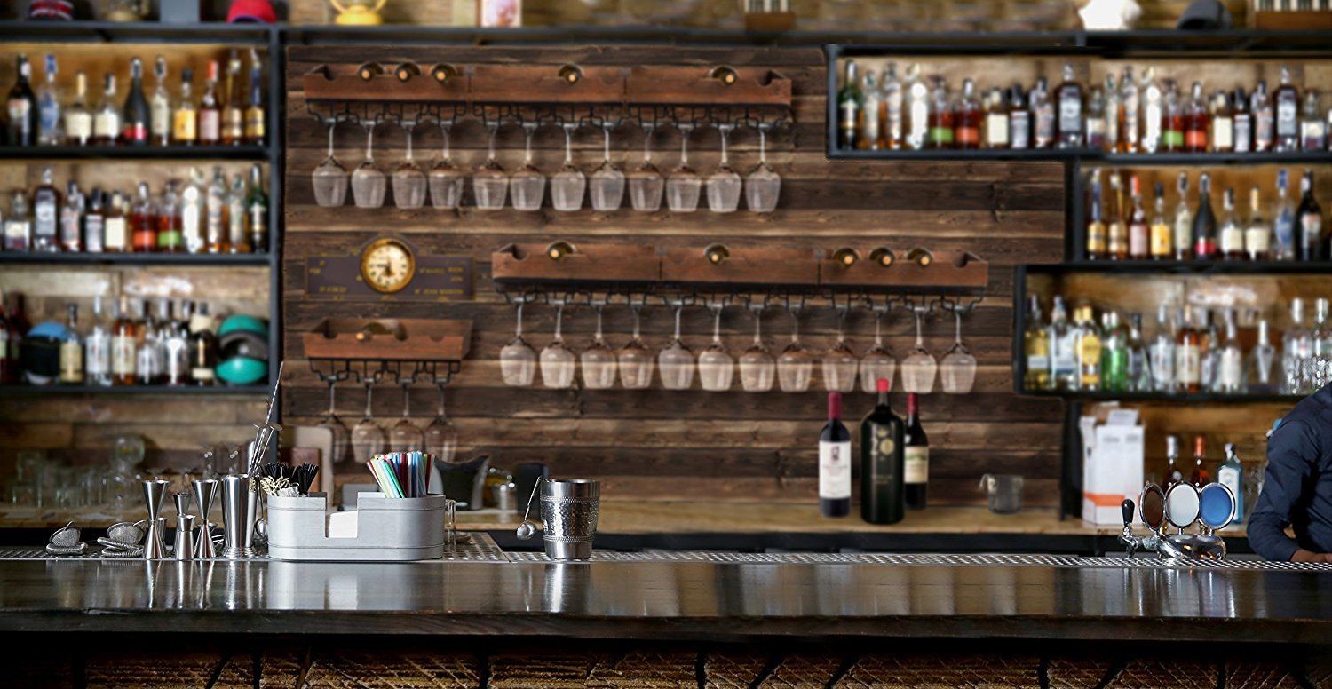 Metal Bar Stemware Storage Racks For 12 Glasses Kenley Wall Mounted Modern Wine Rack With Glass Holder Rustic Wood Horizontal Floating Hanging Shelf For 4 Bottles Wine Racks Cabinets Kitchen from images-na.ssl-images-amazon.com A wide variety of metal bar shelves options are available to you, such as material, feature, and use. One heavy duty floating metal shelf bracket made with 2 wide x 1/4 thick flat bar steel with a 6 leg that mounts to the wall and 1 lip. Our metal wall shelf is constructed from a single piece of diamond plate giving it enough strength to hold up to 150 lbs and a rugged, sleek look. Wall mounted shelves made of metal pipes. Small metal bar attached to keep shelf items in place. This shelf has a zinc fixture, making it a convenient accessory due to its durability and lightweight build. Circular or oval wall shelves give a simplistic touch to your place whilst giving a modern look. Shop wayfair for all the best metal wall shelves.
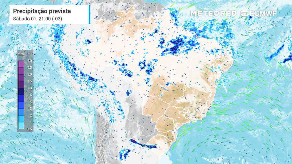 Um bloqueio atmosférico no Sudeste do Brasil mantém a maior parte dessa região com tempo seco. Ainda assim, existe um leve transporte de umidade que pode ocasionar chuvas rápidas e muito localizadas, especialmente em Minas Gerais, Espírito Santo, Rio de Janeiro e Bahia.
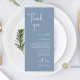Este é o Place Setting Obrigado Cards, em moderno roteiro romântico clássico, em empoeirado tema azul. Compartilhe o amor e mostre seu apreço aos seus convidados, quando eles sentarem em seu assento e lerem esse obrigado encantador personalizado que você coloca com o cartão de ajuste. É uma maneira maravilhosa de acabar com a sua celebração especial de dia! Visite nosso site para mais designs e inspiração: www.zazzle.com/teeshaderrick
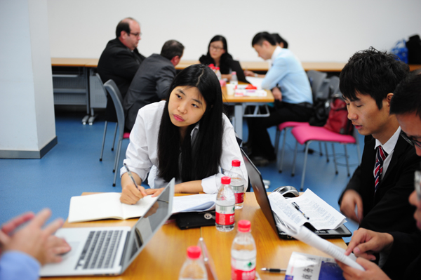 2013级和2014级10名MTI翻译硕士在陕西工商管理硕士学院学术交流中心参加第15届EMBA对外商务谈判活动,承担口译任务。
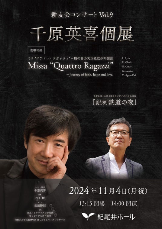 2022年にICOTがタケミツメモリアルホールで開催した「松下 耕と世界-今を生きる作曲家の群像-」にて千原英喜に委嘱した“ Kyrie ”に、新たに4つの曲が追加された新作組曲である。いまから440年ほど前の1582年に渡欧した天正遣欧少年使節をテーマにした作品で、希望に満ち溢れ渡欧し、ローマ教皇に謁見するなど大歓迎を受けたものの、帰国した彼らを待っていたのは、キリシタン迫害の現実だったという哀しい運命の物語が、ミサ形式の楽曲の中にドラマチックに描かれた超大作だ。東京メトロポリタン合唱団、総勢約70名のメンバーにて演奏される、壮大な無伴奏のア・カペラ作品となっている。またコンサートの開催地である紀尾井ホールは四谷の上智大学の横にあるため、都内でもキリスト教にとても縁の深いエリアであり、信仰に満ちた穏やかな空気の流れる場所でもある。
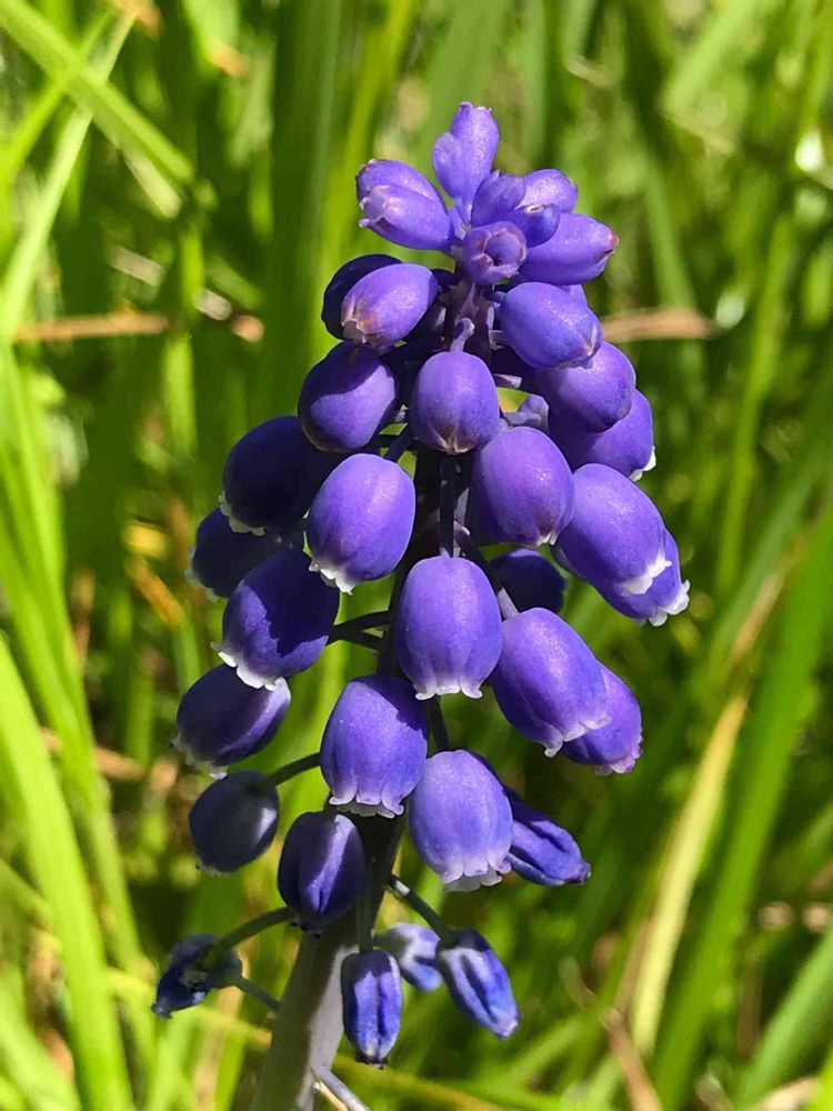 ムスカリが春の日差しを浴びて紫に輝いている。
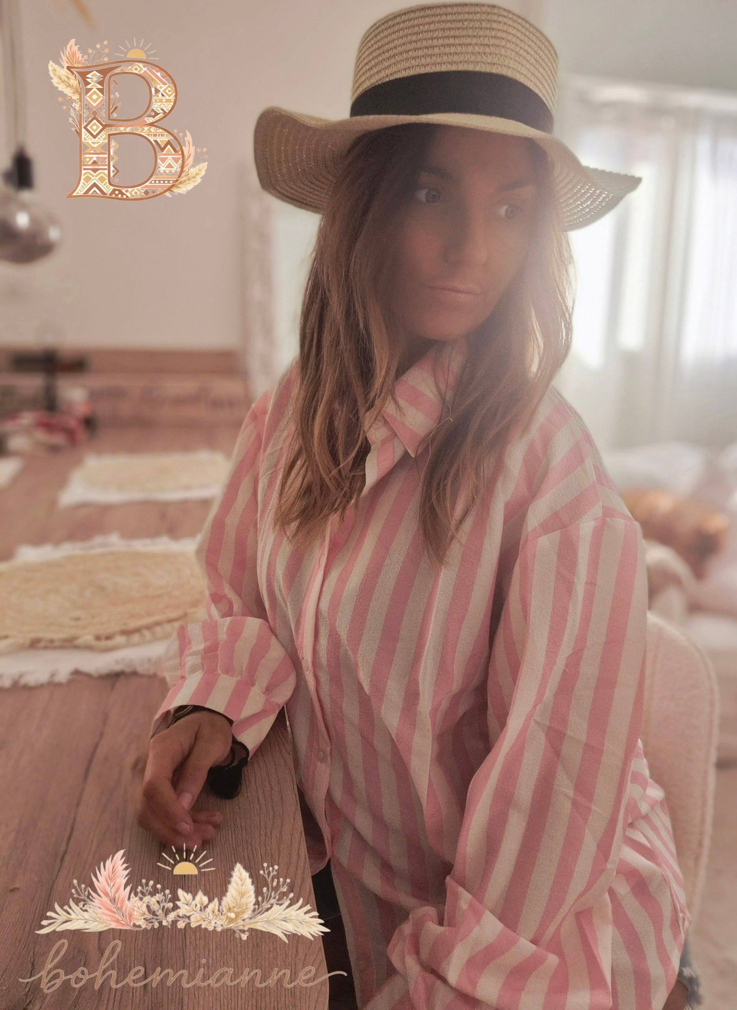 Apportez une touche de fraîcheur à votre garde-robe avec cette chemise longue bohème à grosses rayures rose et blanche.
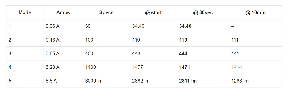 Tất cả các kết quả thí nghiệm đều từ máy đo tích hợp tự chế, được thiết lập với Máy đo Lux mở rộng SDL400 cho các phép đo bao gồm bộ lọc Kenko PRO1D ND-16. Phép đo cơ bản được thực hiện với Convoy S2 + đã được thử nghiệm ở 255 lumen.
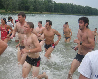 Der Triathlon besteht aus 500 Meter Nahkampf im See, 18 km Kiestrail
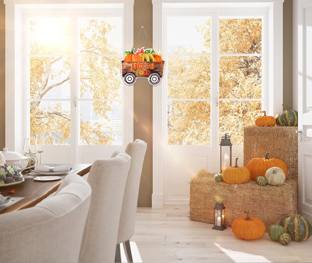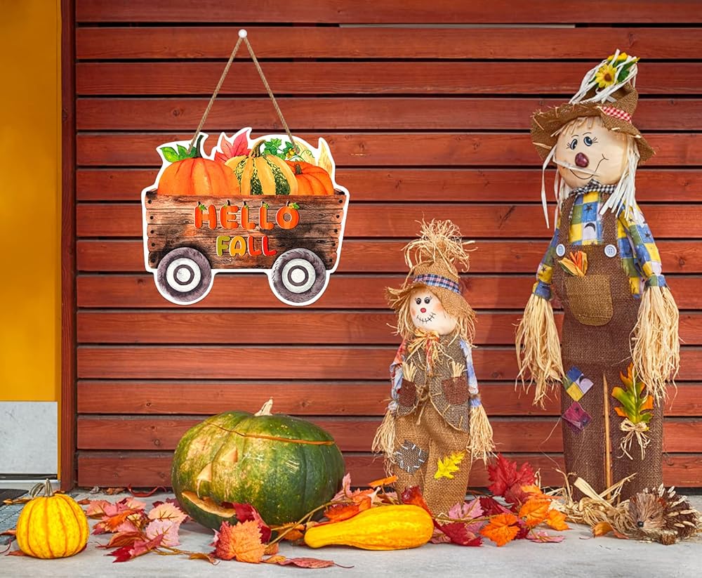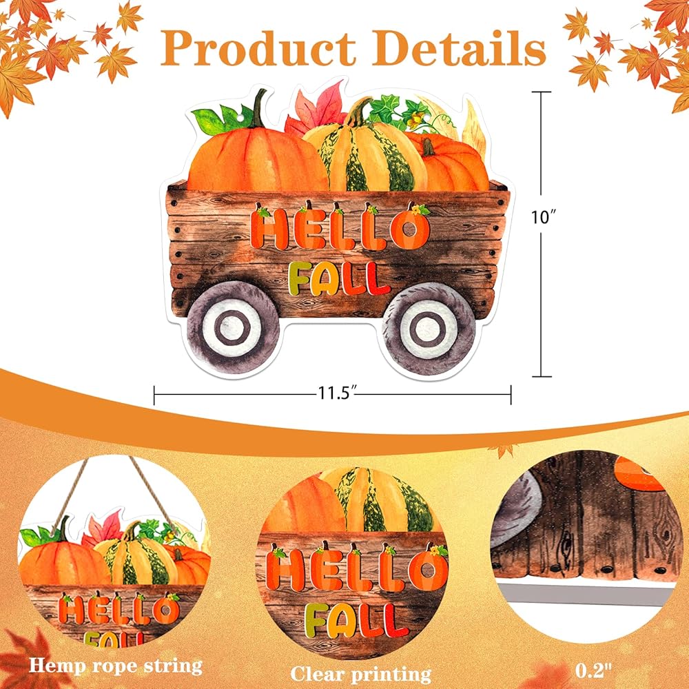 • 【علامة ديكور باب الخريف】: علامة ديكور الخريف على شكل قرع المزرعة بمقاس 8.5 بوصة × 14 بوصة، حجم مثالي أكاليل باب الخريف زينة الخريف لشرفة الباب الأمامي للمنزل. كل علامة ترحيب في الخريف تأتي مع سلسلة حبل من القنب لسهولة التركيب. قم بتحويل منزلك في ملاذ مريح لبيت المزرعة، مزين بأزهار التماثيل المبهجة، مما يلتقط جوهر الخريف.

***

Using the material above, retype each entry exactly and omit the pictures.

 Metal Bar Stemware Storage Racks For 12 Glasses Kenley Wall Mounted Modern Wine Rack With Glass Holder Rustic Wood Horizontal Floating Hanging Shelf For 4 Bottles Wine Racks Cabinets Kitchen from images-na.ssl-images-amazon.com A wide variety of metal bar shelves options are available to you, such as material, feature, and use. One heavy duty floating metal shelf bracket made with 2 wide x 1/4 thick flat bar steel with a 6 leg that mounts to the wall and 1 lip. Our metal wall shelf is constructed from a single piece of diamond plate giving it enough strength to hold up to 150 lbs and a rugged, sleek look. Wall mounted shelves made of metal pipes. Small metal bar attached to keep shelf items in place. This shelf has a zinc fixture, making it a convenient accessory due to its durability and lightweight build. Circular or oval wall shelves give a simplistic touch to your place whilst giving a modern look. Shop wayfair for all the best metal wall shelves.
 Um bloqueio atmosférico no Sudeste do Brasil mantém a maior parte dessa região com tempo seco. Ainda assim, existe um leve transporte de umidade que pode ocasionar chuvas rápidas e muito localizadas, especialmente em Minas Gerais, Espírito Santo, Rio de Janeiro e Bahia.
Este é o Place Setting Obrigado Cards, em moderno roteiro romântico clássico, em empoeirado tema azul. Compartilhe o amor e mostre seu apreço aos seus convidados, quando eles sentarem em seu assento e lerem esse obrigado encantador personalizado que você coloca com o cartão de ajuste. É uma maneira maravilhosa de acabar com a sua celebração especial de dia! Visite nosso site para mais designs e inspiração: www.zazzle.com/teeshaderrick
 2013级和2014级10名MTI翻译硕士在陕西工商管理硕士学院学术交流中心参加第15届EMBA对外商务谈判活动,承担口译任务。
 2022年にICOTがタケミツメモリアルホールで開催した「松下 耕と世界-今を生きる作曲家の群像-」にて千原英喜に委嘱した“ Kyrie ”に、新たに4つの曲が追加された新作組曲である。いまから440年ほど前の1582年に渡欧した天正遣欧少年使節をテーマにした作品で、希望に満ち溢れ渡欧し、ローマ教皇に謁見するなど大歓迎を受けたものの、帰国した彼らを待っていたのは、キリシタン迫害の現実だったという哀しい運命の物語が、ミサ形式の楽曲の中にドラマチックに描かれた超大作だ。東京メトロポリタン合唱団、総勢約70名のメンバーにて演奏される、壮大な無伴奏のア・カペラ作品となっている。またコンサートの開催地である紀尾井ホールは四谷の上智大学の横にあるため、都内でもキリスト教にとても縁の深いエリアであり、信仰に満ちた穏やかな空気の流れる場所でもある。
 ムスカリが春の日差しを浴びて紫に輝いている。
 Apportez une touche de fraîcheur à votre garde-robe avec cette chemise longue bohème à grosses rayures rose et blanche.
 Tất cả các kết quả thí nghiệm đều từ máy đo tích hợp tự chế, được thiết lập với Máy đo Lux mở rộng SDL400 cho các phép đo bao gồm bộ lọc Kenko PRO1D ND-16. Phép đo cơ bản được thực hiện với Convoy S2 + đã được thử nghiệm ở 255 lumen.
 Der Triathlon besteht aus 500 Meter Nahkampf im See, 18 km Kiestrail
 • 【علامة ديكور باب الخريف】: علامة ديكور الخريف على شكل قرع المزرعة بمقاس 8.5 بوصة × 14 بوصة، حجم مثالي أكاليل باب الخريف زينة الخريف لشرفة الباب الأمامي للمنزل. كل علامة ترحيب في الخريف تأتي مع سلسلة حبل من القنب لسهولة التركيب. قم بتحويل منزلك في ملاذ مريح لبيت المزرعة، مزين بأزهار التماثيل المبهجة، مما يلتقط جوهر الخريف.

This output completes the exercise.